Mit der Klärung dieser Frage wird der Dorfpolizist beauftragt, der „in der Zentrale den Ruf eines störrischen, arbeitsscheuen Faulenzers“ hat. (S.25) Keine ganz leichte Aufgabe, denn mehrere Personen machen sich verdächtig: Der an Gott leidende Priester, ein bekannter Maler, die verbitterte „Dorfalte“, sie alle scheinen in diesem Mordfall eine dubiose Rolle zu spielen.
Zudem übt Chefinspektor Doktor Gschnitzer gehörig Druck aus. Der hat es dem Ich-Erzähler nicht verziehen, dass er in jungen Jahren aufdeckte, was eigentlich hätte verborgen bleiben sollen. So ist aus einem „der besten Absolventen der Polizeischule, die es je gegeben hat“, ein Dorfpolizist geworden. Offizielle Version: Weil er sich bei den Ermittlungstätigkeiten im Dorf so hervorragend bewährt hat, solle er gleich bleiben und die Amtsgeschäfte weiterführen.
Und nun also wieder ein Mord. Eine der Spuren weist auch in die Vergangenheit.
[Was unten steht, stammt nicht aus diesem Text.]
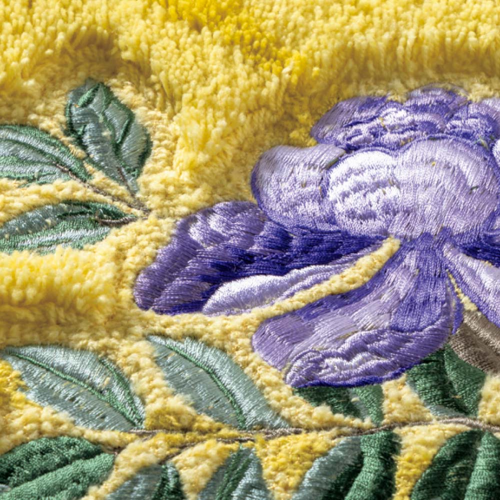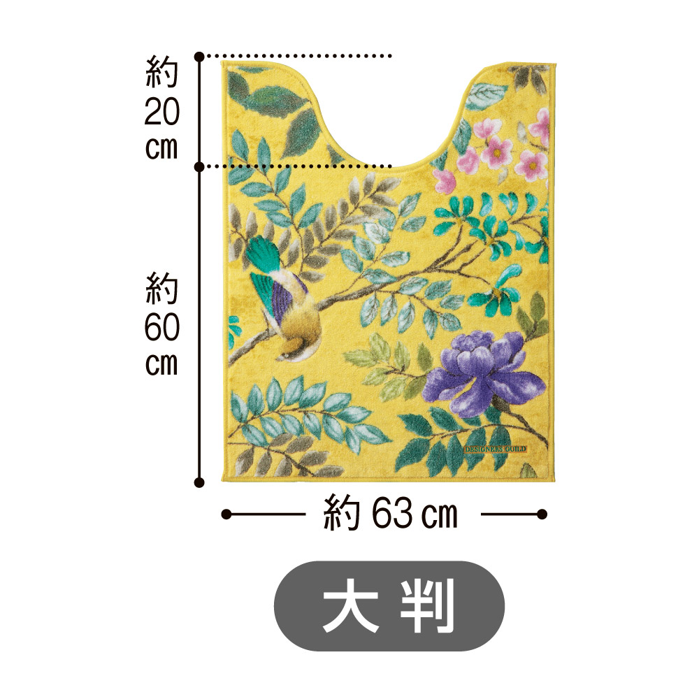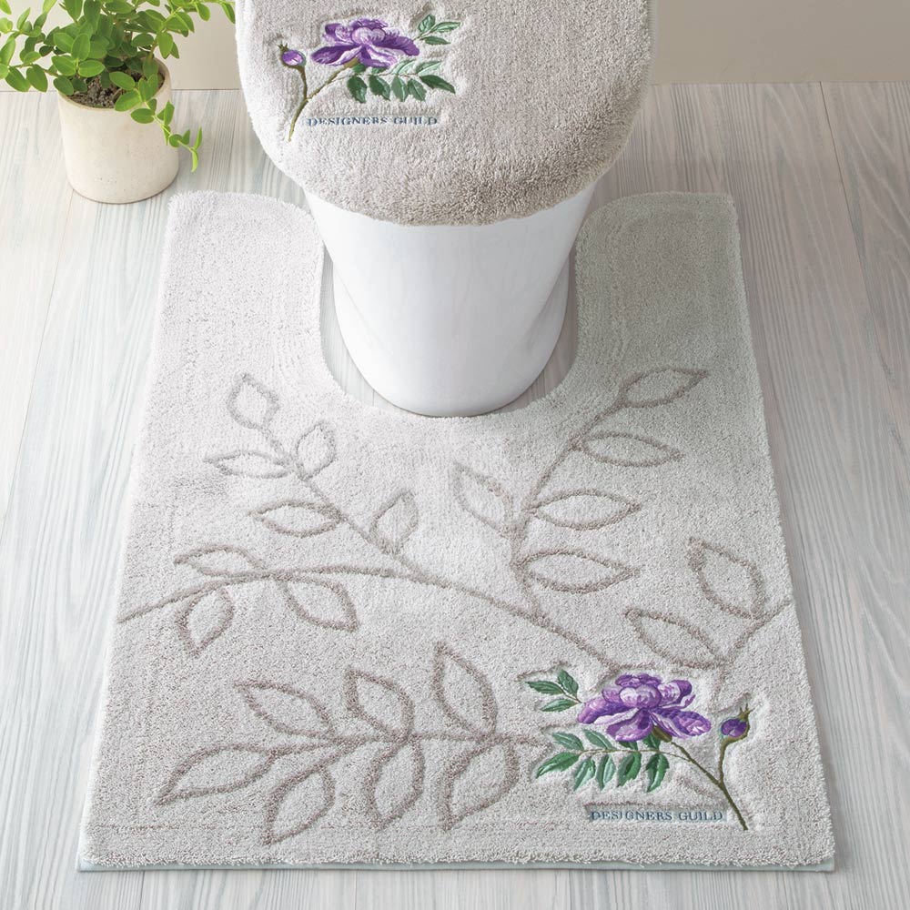 ギルド独特のタッチと色彩で描くポーセリンアート!トイレタリーが素敵空間にアンティークの陶磁器(ポーセリン)からインスピレーションを得た花鳥の絵画を、鮮やかな発色で表現したデザイナーズ・ギルドのトイレタリー〈ポーセリン〉。華やかな明るさの中に深みを感じるイエローと、シックな色合いにあでやかさが優るグレーの個性的な2色。ギルドの新たな世界が広がります。なめらかで柔らかな質感で心地よい踏み心地のトイレマット。花鳥の輪郭には毛足をわずかに短くカットし立体的に仕上げました。クラシカルでモダンなデザインが、足元をリッチに彩ります。抗菌防臭・吸水素材のうれしい清潔仕様。

War ein im Dritten Reich erlittenes Unrecht Motiv dafür?
Ungewöhnlich und wohltuend an Oberdorfers Erstling ist, dass er im Gegensatz zur sonst üblichen Austro Krimi Produktion keinen lustig-flapsigen Ton anschlägt, sondern sich um Ernsthaftigkeit bemüht. Ironisches mischt sich nur ab und an in die Handlung, etwa wenn der Ich-Erzähler über die Liebe des Polizisten zum Schnauzbart räsoniert, grundsätzlich aber gilt: der Krimi-Plot und die psychologische Zeichnung der HandlungsträgerInnen stehen im Vordergrund, nicht die Pointe.
Das wird auch in den Dialogen deutlich. Für „Lustigkeiten“ ist kaum Platz; zu sehr leiden die Personen an ihrer Existenz: dysfunktionale Familien; die Last der Vergangenheit; die Starrheit der gesellschaftlichen Strukturen, die Selbstentfaltung nicht zulassen. Dass die Dorfbewohner ihre Gedanken äußerst beredt zum Ausdruck bringen, lässt die Dialoge zuweilen etwas papieren und konstruiert wirken. Ein „Halbstarker“ beklagt die dörfliche Ereignislosigkeit wie folgt: „[…] es gefiel mir, dass in diesem verfluchten Dorf endlich einmal etwas passierte, von dem man nicht am nächsten Tag sagen würde: Es war nichts. Etwas, das die scheußliche Leblosigkeit hier, die betonierte Stille, diese große Nichts-Glocke, die immer, tagein, tagaus, über dem Dorf hängt, zerreißt, verstehen Sie!“ (S.57)
Auch wie Befindlichkeiten besprochen werden, lässt eher an Menschen mit Therapie- oder zumindest (passiver) Talkshow-Erfahrung denken als an verschlossene Dörfler aus den Siebzigern.
Oberndorfer interessiert sich dafür, was Menschen antreibt. Er versucht, seine Figuren so genau als möglich zu zeichnen. Dennoch geraten sie manchmal ein wenig unglaubwürdig. Der Assistent des Ich-Erzählers, von dem es anfänglich heißt, er spreche wie ein Kind (S.8), mausert sich innerhalb weniger Tage zum scharfzüngigen Karrieristen: „Genau das ist es, Herr Wachmann: Da gibt es kein ‚aber‘. Leute wie Sie werden nie verstehen, wie einfach das Leben eigentlich ist. Es ist so einfach, dass man es geradezu für einen Scherz halten könnte. Aber [sic!] passt in einen Querkopf wie den Ihren einfach nicht hinein. Dabei wäre Ihr Gehirn durchaus leistungsfähig. Diese vielen grauen Zellen, die sich so vergeblich quälen, finden Sie das nicht schade?“
Reichlich konstruiert und bizarr wirkt auch der Auftritt einer Asiatin, die mit dem örtlichen Maler ein abgelegenes Gehöft bewohnt und dem Kommissar mit Busen, Peep-Show-Geturne und Exotik-Eros die Sinne schwinden lassen soll.
Trotz dieser Unstimmigkeiten ist Oberdorfer ein brauchbares Debut gelungen, das Neugier auf mehr macht. Die Untiefen des Alltags sollten unbedingt weiterhin ausgelotet werden.